Pseudonymizer

Your GitLab database contains sensitive information. To protect sensitive information when you run analytics on your database, you can use the Pseudonymizer service, which:

  1. Uses HMAC(SHA256) to mutate fields containing sensitive information.
  2. Preserves references (referential integrity) between fields.
  3. Exports your GitLab data, scrubbed of sensitive material.
caution
If the source data is available, users can compare and correlate the scrubbed data with the original.

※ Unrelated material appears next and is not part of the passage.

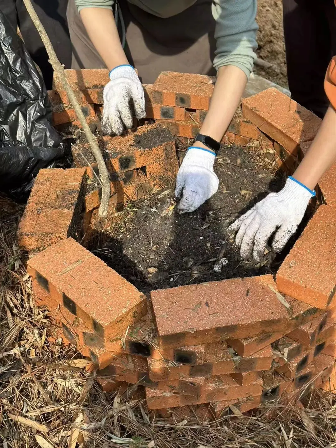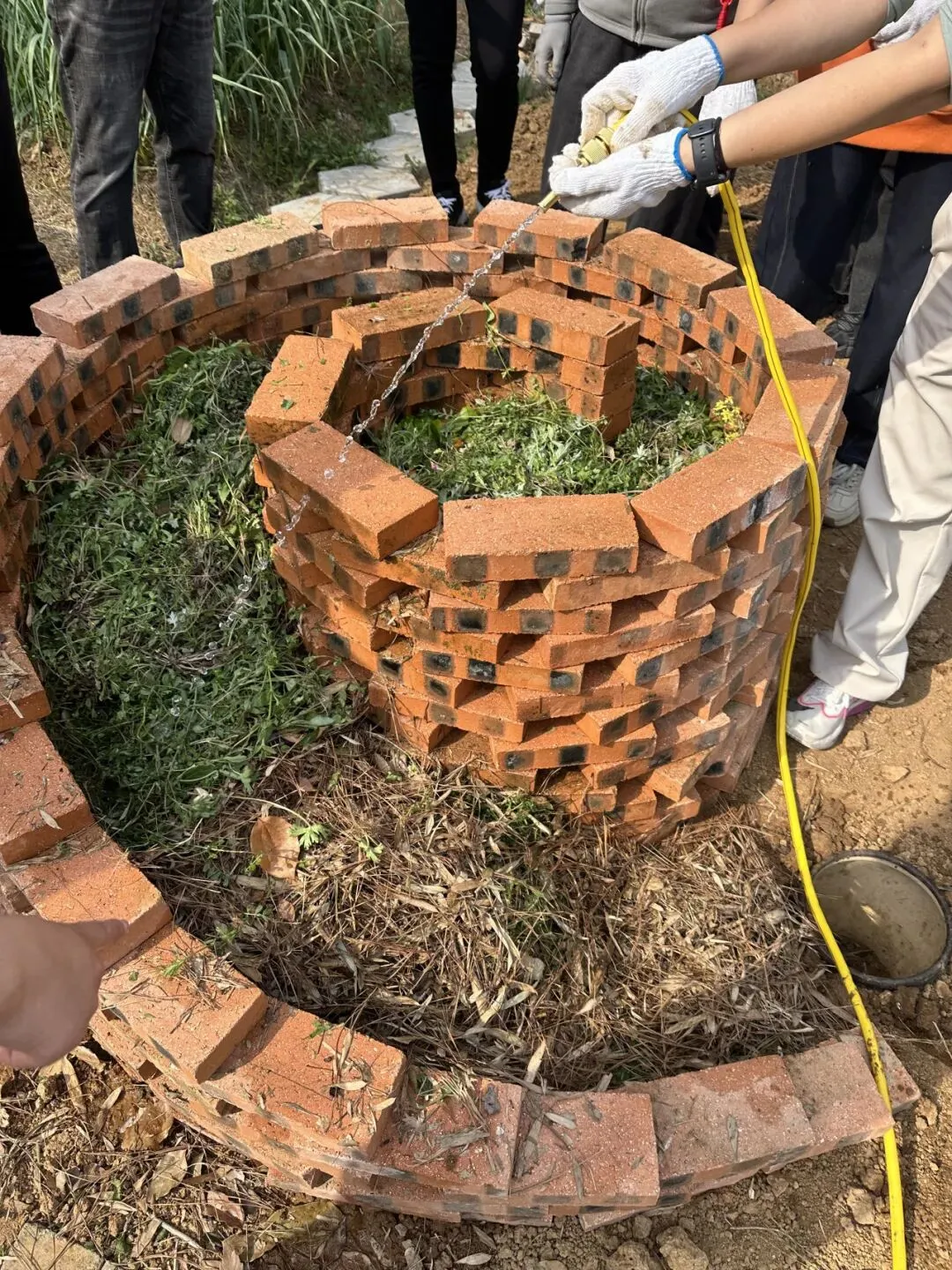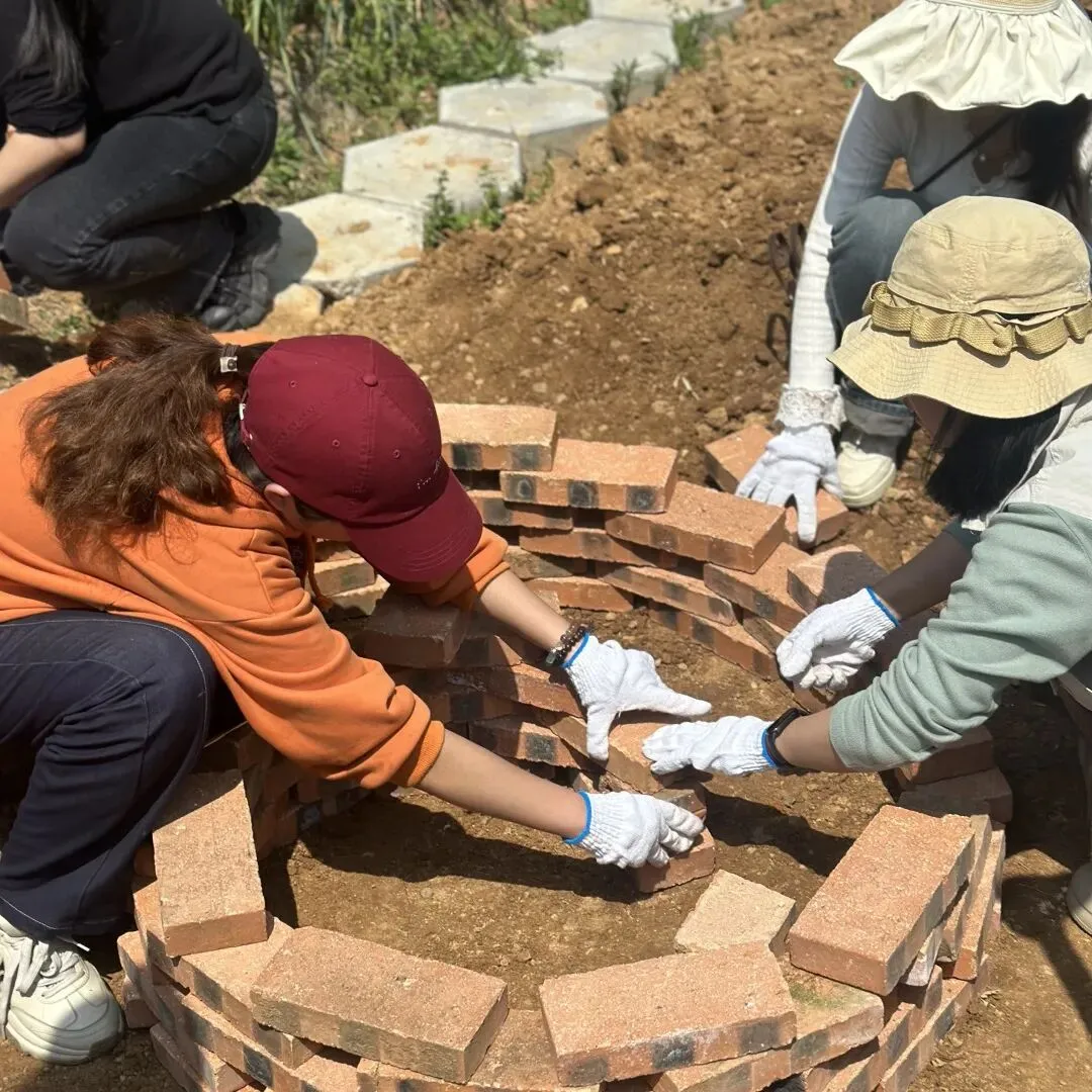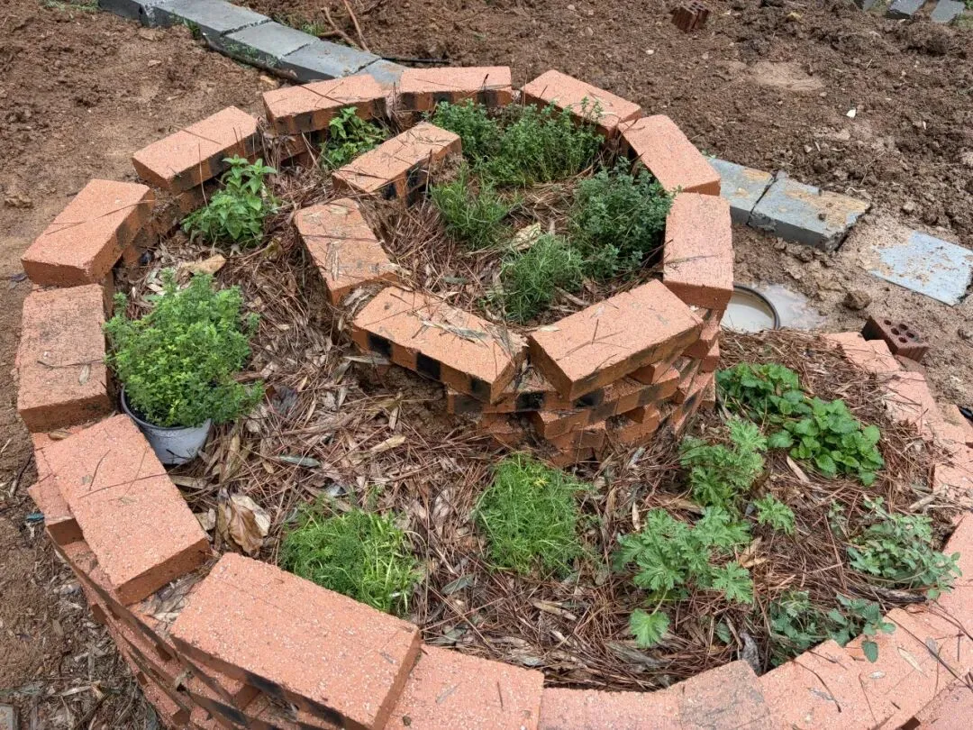 最后,当香草小苗和种子被小心翼翼地种下,浇透水,一座立体的、活的螺旋花园就诞生了。它不是完美的,但它是我们自己亲手搭建的——每一块石头、每一捧土,都经过我们的手。

To generate a pseudonymized data set:

  1. Configure Pseudonymizer fields and output location.
  2. Enable Pseudonymizer data collection.
  3. Optional. Generate a data set manually.

Configure Pseudonymizer

To use the Pseudonymizer, configure both the fields you want to anonymize, and the location to store the scrubbed data:

  1. Create a manifest file: This file describes the fields to include or pseudonymize.
    • Default manifest - GitLab provides a default manifest in your GitLab installation (example manifest.yml file). To use the example manifest file, use the config/pseudonymizer.yml relative path when you configure connection parameters.
    • Custom manifest - To use a custom manifest file, use the absolute path to the file when you configure the connection parameters.
  2. Configure connection parameters: In the configuration method appropriate for your version of GitLab, specify the object storage connection parameters (pseudonymizer.upload.connection).

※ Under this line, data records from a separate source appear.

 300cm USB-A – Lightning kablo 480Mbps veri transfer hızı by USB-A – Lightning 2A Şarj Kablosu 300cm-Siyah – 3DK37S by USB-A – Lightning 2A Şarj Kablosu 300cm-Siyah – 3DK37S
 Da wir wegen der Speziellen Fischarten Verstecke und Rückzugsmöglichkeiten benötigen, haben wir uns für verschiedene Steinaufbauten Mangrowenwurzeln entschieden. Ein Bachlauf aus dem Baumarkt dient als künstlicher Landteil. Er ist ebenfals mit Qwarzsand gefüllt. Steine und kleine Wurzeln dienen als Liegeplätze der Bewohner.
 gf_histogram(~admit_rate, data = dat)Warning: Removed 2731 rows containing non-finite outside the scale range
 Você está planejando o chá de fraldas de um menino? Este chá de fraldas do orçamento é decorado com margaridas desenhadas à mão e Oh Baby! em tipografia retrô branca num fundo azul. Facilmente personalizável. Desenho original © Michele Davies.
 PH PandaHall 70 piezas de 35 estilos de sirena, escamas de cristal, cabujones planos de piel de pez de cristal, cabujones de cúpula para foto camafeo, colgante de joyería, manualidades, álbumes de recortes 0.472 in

For Omnibus installations:

  1. Edit /etc/gitlab/gitlab.rb and add the following lines by replacing with the values you want:

    gitlab_rails['pseudonymizer_manifest'] = 'config/pseudonymizer.yml'
    gitlab_rails['pseudonymizer_upload_remote_directory'] = 'gitlab-elt' # bucket name
    gitlab_rails['pseudonymizer_upload_connection'] = {
      'provider' => 'AWS',
      'region' => 'eu-central-1',
      'aws_access_key_id' => 'AWS_ACCESS_KEY_ID',
      'aws_secret_access_key' => 'AWS_SECRET_ACCESS_KEY'
    }
    

    If you are using AWS IAM profiles, omit the AWS access key and secret access key/value pairs.

    gitlab_rails['pseudonymizer_upload_connection'] = {
      'provider' => 'AWS',
      'region' => 'eu-central-1',
      'use_iam_profile' => true
    }
    
  2. Save the file and reconfigure GitLab for the changes to take effect.

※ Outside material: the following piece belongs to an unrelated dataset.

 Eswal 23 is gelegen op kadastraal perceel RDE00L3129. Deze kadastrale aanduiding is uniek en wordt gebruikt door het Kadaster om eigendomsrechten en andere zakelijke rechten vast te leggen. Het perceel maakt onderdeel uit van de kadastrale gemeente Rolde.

For installations from source:

  1. Edit /home/git/gitlab/config/gitlab.yml and add or amend the following lines:

    pseudonymizer:
      manifest: config/pseudonymizer.yml
      upload:
        remote_directory: 'gitlab-elt' # bucket name
        connection:
          provider: AWS
          aws_access_key_id: AWS_ACCESS_KEY_ID
          aws_secret_access_key: AWS_SECRET_ACCESS_KEY
          region: eu-central-1
    
  2. Save the file and restart GitLab for the changes to take effect.

Enable Pseudonymizer data collection

To enable data collection:

  1. On the top bar, select Menu > Admin.
  2. On the left sidebar, select Settings > Metrics and Profiling, then expand Pseudonymizer data collection.
  3. Select Enable Pseudonymizer data collection.
  4. Select Save changes.

Generate data set manually

You can also run the Pseudonymizer manually:

  1. Set these environment variables:
    • PSEUDONYMIZER_OUTPUT_DIR - Where to store the output CSV files. Defaults to /tmp. These commands produce CSV files that can be quite large. Make sure the directory can store a file at least 10% of the size of your database.
    • PSEUDONYMIZER_BATCH - The batch size when querying the database. Defaults to 100000.
  2. Run the command appropriate for your application:
    • Omnibus GitLab: sudo gitlab-rake gitlab:db:pseudonymizer
    • Installations from source: sudo -u git -H bundle exec rake gitlab:db:pseudonymizer RAILS_ENV=production

After you run the command, upload the output CSV files to your configured object storage. After the upload completes, delete the output file from the local disk.